Always thinking one step ahead, Burton had inquired about working for the British Ordnance Department before he moved from Virginia to Massachusetts. It turned out to be a smart move because the final answer took a year to materialize.
In June 1855, Burton accepted a five-year contract at the Royal Small Arms Manufactory in Enfield, England. One of his first tasks was to set up new machinery that had just arrived from the United States – more specifically, the Ames Manufacturing Company in Massachusetts. In a short time, he was promoted to Chief Engineer.
Under Burton’s direction, Enfield produced hundreds of thousands of the Pattern 1853 rifled musket, which would become one of the primary long arms used in the Civil War, particularly in the Confederacy.
In 1856, Burton crossed paths with renowned toolmaker (and soon-to-be-gunsmith) Joseph Whitworth. Cut with hexagonal rifling, Whitworth believed his new design would create a rifle that was superior to any other currently on the market, especially at long distances. Burton attended trials for the Whitworth rifle and was thoroughly unimpressed. Nonetheless, the Whitworth rifle would become a prized possession by Confederate sharpshooters in just a few years.
Things were going well for Burton at Enfield until October 1859, when he and his wife Eugenia received a letter from her parents, George and Mary, regarding John Brown’s Raid.
Joseph R. Anderson, owner of the Tredegar Iron Works in Richmond, Virginia, tapped Burton to oversee his contract to resupply and reactivate the Virginia Manufactory of Arms. (It would be renamed the Richmond Armory in 1861.) Burton agreed, and he returned to Virginia in the fall of 1860.
Immediately after Virginia seceded in April 1861, Harpers Ferry was set ablaze by Federal soldiers to keep the arms and machinery out of the hands of the South. The arsenal, along with 15,000 weapons, was a total loss. Flames in the armory, however, were brought under control and the machinery contained within survived.

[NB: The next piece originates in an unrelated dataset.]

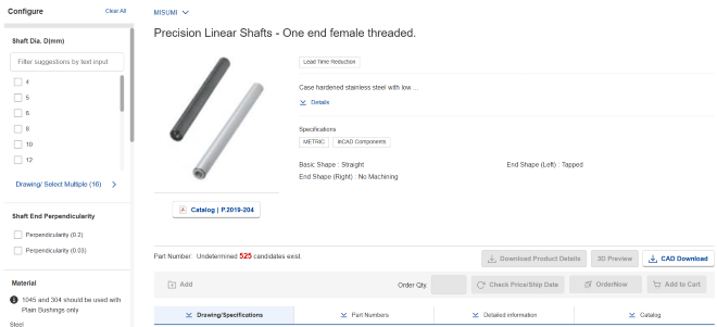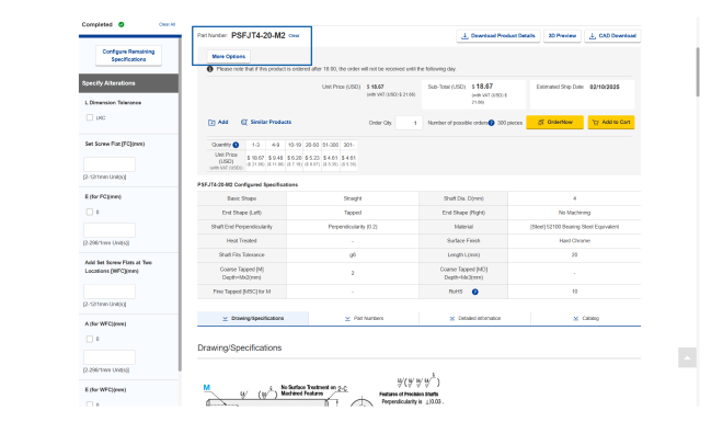 On the product page, you can view the detailed information of a product and select its specifications and dimensions.

In June 1861, Burton became Superintendent of the Richmond Armory, where he oversaw the manufacture of arms on tooling and machinery confiscated by Confederates at Harpers Ferry. As it turns out, the machinery was absconded with under the direction of Burton himself.
As 1861 drew to a close, Superintendent Burton became Lieutenant Colonel Burton, and he took command of production at all of the Confederate armories. By summer 1862, Burton left Virginia and headed for Georgia, where he had been instructed to establish a new armory. With land prices on the rise, he chose Macon over Atlanta.
A year later, Lt. Col. Burton sailed to England, hoping to obtain new equipment to complete the armory in Macon. It took almost a year after Burton returned to Georgia for the machinery he so desperately needed to be shipped from England. The material finally arrived in Bermuda near the end of 1864. The machinery sat in Bermuda for months, waiting for the right opportunity to be smuggled through the Union blockade.
Then, on April 9, 1865, General Robert E. Lee surrendered to General Ulysses S. Grant at Appomattox Court House. With that, the Civil War was over.
Burton was held prisoner until October 1865, when he signed the Oath of Allegiance and received a pardon by President Andrew Johnson.
The next eight years were busy ones: Burton went back to England to run a new armory until 1868 when he moved back to Virginia. Then, in 1871, he headed to England again to work on an arms contract between Britain and Russia. Finally, he came back to the United States in 1873 and settled near Winchester, Virginia. Here, Burton spent the rest of his days farming until his death in 1894. He is buried in Winchester’s Mount Hebron Cemetery.